Moodle Course Management System

Our servers meet the requirements for Moodle. You should be able to install and run Moodle following their standard instructions.

You should make sure your account uses FastCGI for PHP, otherwise Moodle will be very slow and won't be able to support more than a small handful of simultaneous visitors.

Making the Moodle database use Unicode

Some versions of Moodle tell you that "It is required that you store all your data in Unicode format". If you see this error, you need to run this command on your database using either phpMyAdmin or the "mysql" command-line tool:

ALTER DATABASE db_name DEFAULT CHARACTER SET utf8;

Replace "db_name" with the actual name of your MySQL database.

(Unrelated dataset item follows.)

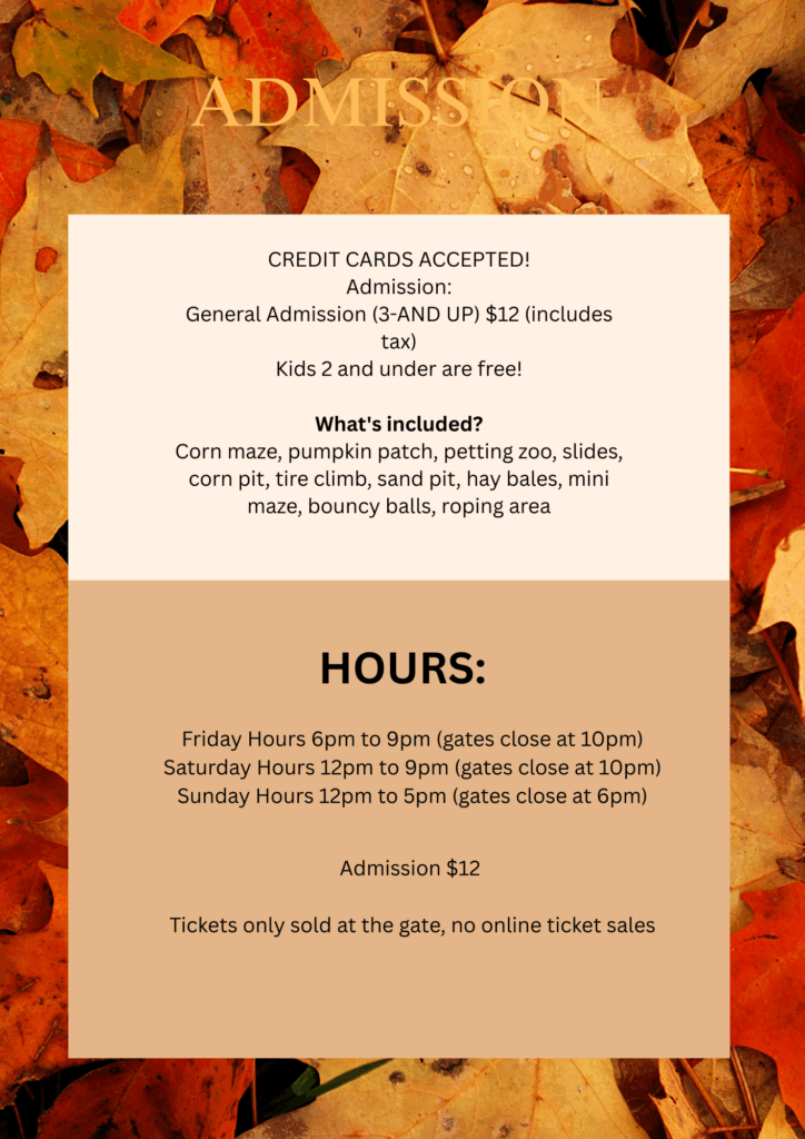 2025 Design is Alice in Wonderland! Admission $12 for ages 3 and up, no online ticket sales, sold at the gate! Admission covers ALL activities. Pumpkins for sale for $10.

Installing via the command line

After the Moodle installation verifies that all of its requirements are met, it will run a step which creates all of the necessary tables and indices in the database. This step can take a very long time. If your browser times out waiting for a reply before this step is done, you may need to run the installation via the command line, as described on the Moodle site. You will need a shell connection to do this.

Moodle Course Backups

When you configure Moodle, be sure to disable "course backups".

According to the creators of Moodle, "course backups" are not the preferred way to make regular backups. The preferred method is "site backups", and we already make site backups of your Moodle files and database every day, automatically.

Turning on unnecessary "course backups" will slow down your site and cause extremely high disk and CPU usage. If your site is accidentally set to make course backups, we will disable that by adding this line to your Moodle "config.php" file:

$CFG->disablescheduledbackups = true;

(We'll notify you if we do this, of course.)